Němec was sometimes called the enfant terrible of Czech cinema.
He was most well-known for his 1964 debut feature film Diamonds of the Night (Démanty noci), based on a story by Arnošt Lustig. The film is about two boys trying to flee from a train that was taking them to a concentration camp.
He also had some international success with his 1966 film A Report on the Party and the Guests (O slavnosti a hostech), a surreal film about a picnic organized by a bully.
He documented the 1968 Soviet-led invasion in Oratorio for Prague. The film received standing ovations in New York in the fall of 1968, but was banned by Czechoslovak authorities. Scenes from the film are often used in documentaries on the invasion.
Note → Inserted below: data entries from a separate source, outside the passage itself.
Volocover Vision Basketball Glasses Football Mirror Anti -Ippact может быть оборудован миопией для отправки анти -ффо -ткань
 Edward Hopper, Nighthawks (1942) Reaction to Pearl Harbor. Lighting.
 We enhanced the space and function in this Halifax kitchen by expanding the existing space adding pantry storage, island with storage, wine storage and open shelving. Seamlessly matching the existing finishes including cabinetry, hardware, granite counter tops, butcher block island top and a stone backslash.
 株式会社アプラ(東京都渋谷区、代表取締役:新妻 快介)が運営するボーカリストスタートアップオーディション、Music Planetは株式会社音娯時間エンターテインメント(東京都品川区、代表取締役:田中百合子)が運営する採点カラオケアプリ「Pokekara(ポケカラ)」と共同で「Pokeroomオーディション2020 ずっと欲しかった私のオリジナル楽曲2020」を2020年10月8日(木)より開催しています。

It was also used in The Unbearable Lightness of Being (1988) and Němec served as an adviser on that film.
He was unable to work in cinema after 1968 in Czechoslovakia but did do some television work and also made music clips for Karel Gott and Marta Kubišová.
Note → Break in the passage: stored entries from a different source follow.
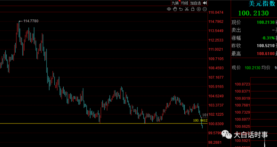 受市场对下半年美联储加息2次降温的影响,美元指数也出现单日1%的大跌,一口气跌破了101的关键点位。
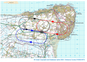 To facilitate access to the airport for General Aviation (GA) users, a Non-Directional Beacon (NDB) Hold will be established in the airfield overhead for the use of GA aircraft for both training and whilst awaiting approval to land at the airport. The NDB Hold will only be used by Cat A or Cat B aircraft at a maximum speed of 140 Knots corrected Indicated Air Speed (KIAS). The Hold will be based on the position of the NDB and will consist of a 1-minute racetrack, orientated in alignment with the runway. Figure 4 below shows the 4 possible options for the position of the Hold. The minimum height for aircraft in the Hold would be 2,000 ft. The actual position that the NDB will be located at is still to be determined as part of the airport redevelopment so the tracks of the Hold may vary slightly to those shown below.
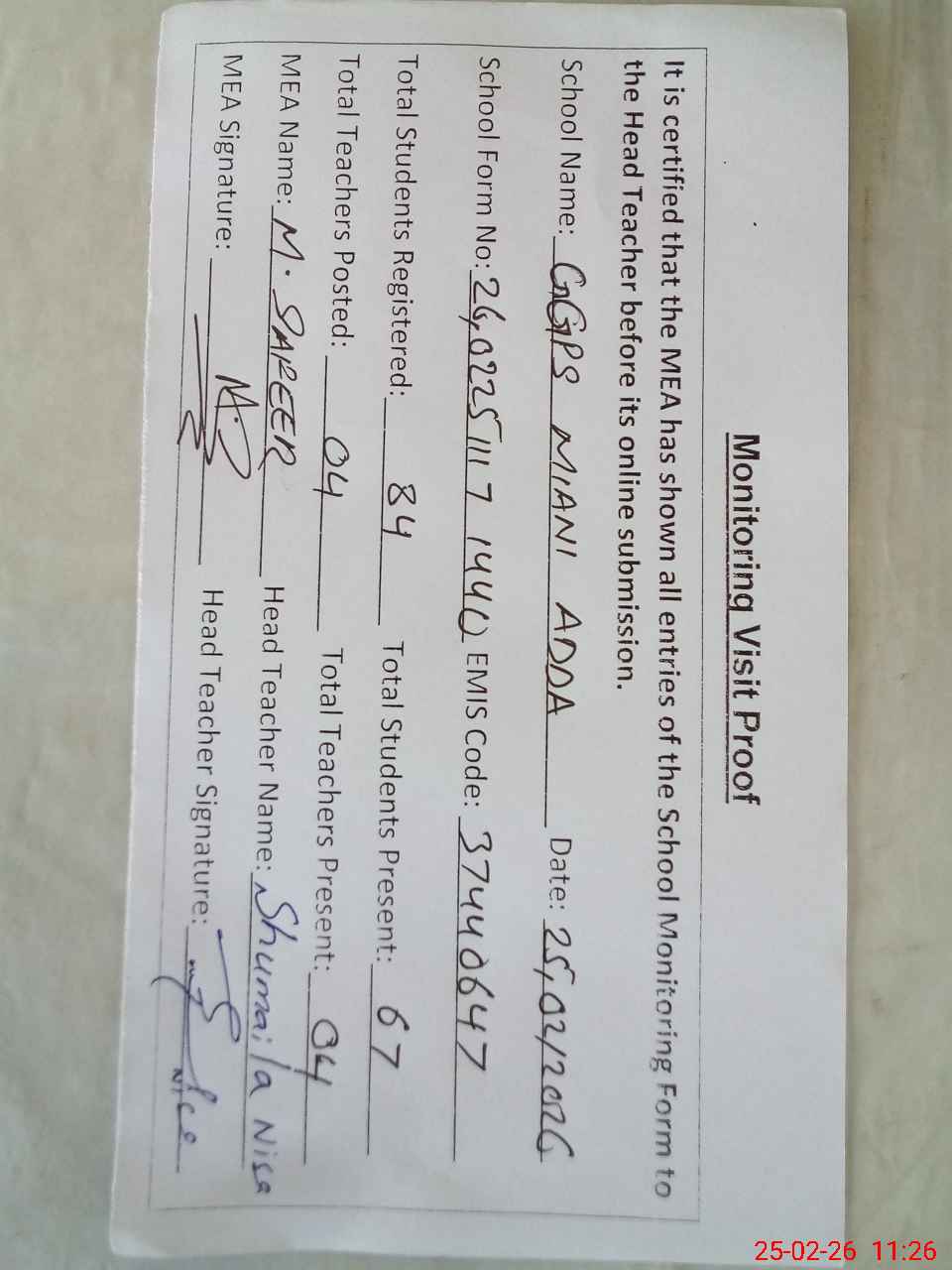 | Monitoring Date: 25-02-2026 | Start Time: 25-02-2026 10:52 AM | End Time: 25-02-2026 11:26 AM | Name of MEA: Mu**** Sa**** | |
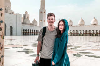 - Gekleed in een abaya de adembenemende Seikh Zayed Moskee bewonderen
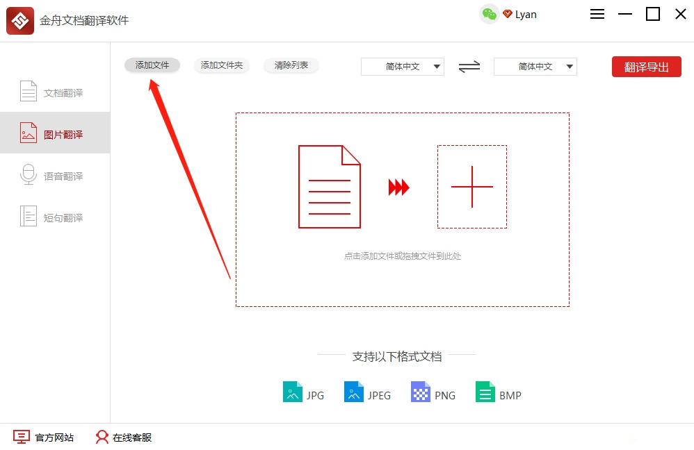 第二步、其次,再点击“添加文件”将需要翻译的图片上传到软件中。
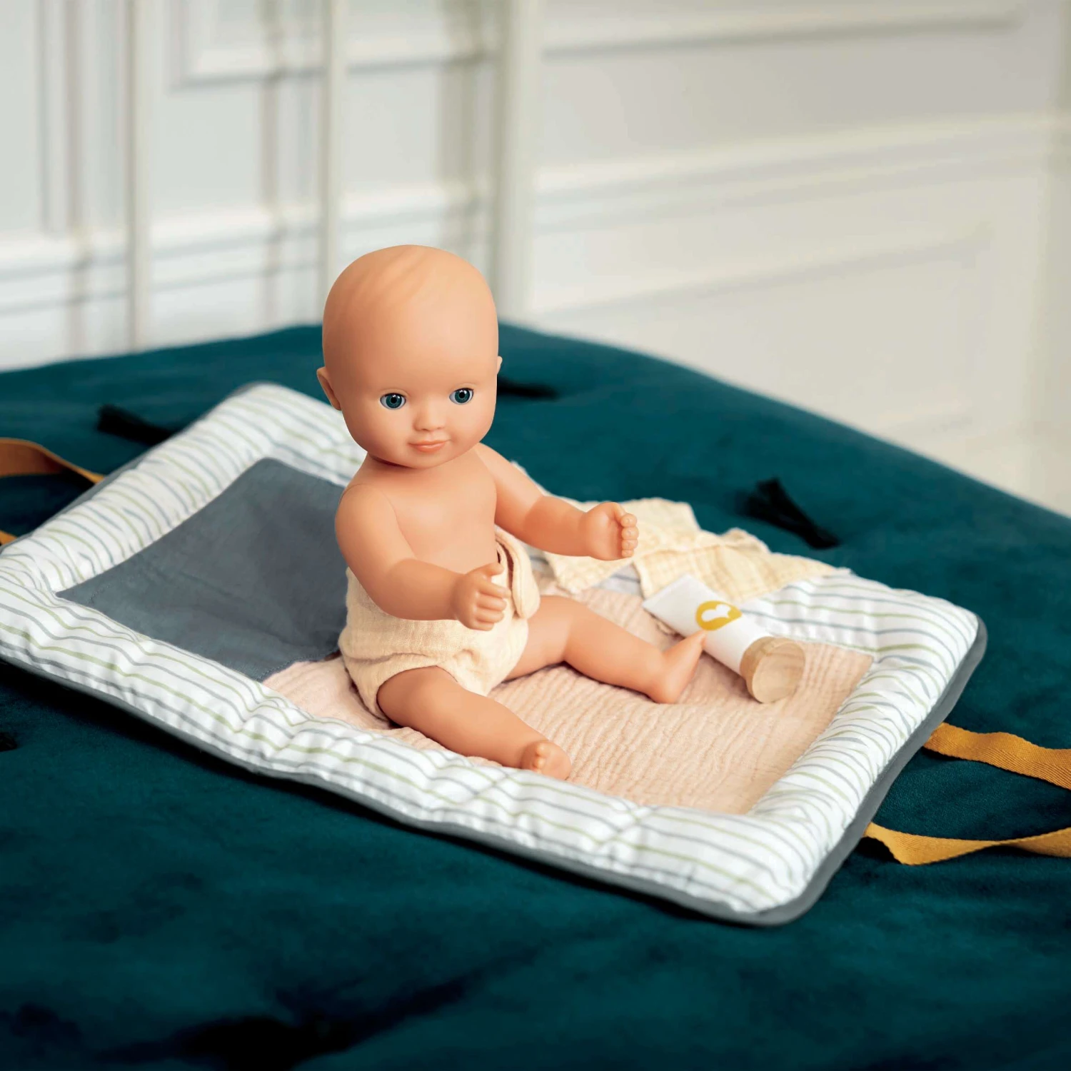 | Contenu du produit | Adapté aux poupons de 30 à 36 cm. Sac 2 en 1 : plié, il se transporte partout, ouvert, il devient sac à langer. Une poche à l'intérieur pour ranger tous les accessoires. |
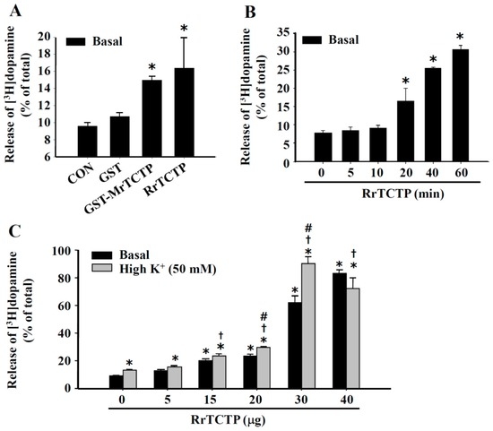TCTP stimulates both basal spontaneous and depolarization (50 mM KCl)-induced release of dopamine from PC12 cells. PC12 cells preloaded with [3H]dopamine were washed and incubated at 37 °C with rat recombinant TCTP (RrTCTP) (15 µg/mL, (A,B); 5–40 µg/mL, (C)), GST-tagged mouse recombinant TCTP (GST-MrTCTP) (50 µg/mL, (A)) or GST (50 µg/mL, (A)) for 20 min (A,C) or indicated time periods (B), under basal (5 mM KCl) or high K+ (50 mM KCl) KR buffer conditions. The amount of [3H]dopamine released into the culture supernatant was significantly increased by both RrTCTP and GST-MrTCTP, but not by GST alone (A). The rTCTP-induced stimulation of dopamine release was time- (B) and dose-dependent (C). * p < 0.05 relative to basal control release; † p < 0.05 relative to high K+ control release; # p < 0.05 relative to basal release.
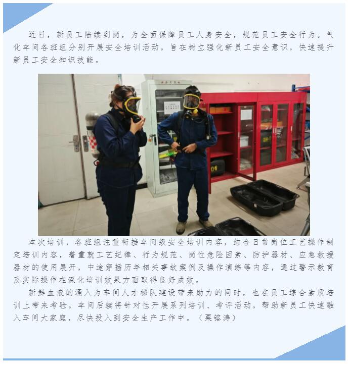 氣化車間開展新進(jìn)員工安全培訓(xùn)
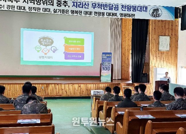 (원투원뉴스) 함양군 정신건강복지센터는 지난 4월 16일 오후 1시부터 3시까지 제118보병여단 3대대 강당에서 전 장병을 대상으로 ‘생명지킴이 양성 및 자살예방 교육’을 실시했다고 밝혔다.

He managed to leave the county in 1974, traveling to Germany, France, Holland, Sweden, and the United States. During that time he pioneered the use of video to record weddings and filmed a Swedish royal wedding. He also did some sporadic work in television.
He returned to Czechoslovakia after 1989 and made several films including Code Name Ruby (Jmeno kodu: Rubin) in 1997 and Late Night Talks with Mother (Nočni hovory s matkou) in 2000. The latter film won the Golden Leopard at the Locarno film festival. The experimental film starred Karel Roden and involved the main character seeking absolution from his deceased mother.
At the time of his death he was working on a new film, The Wolf from Royal Vineyard Street (Vlk z Královských Vinohrad).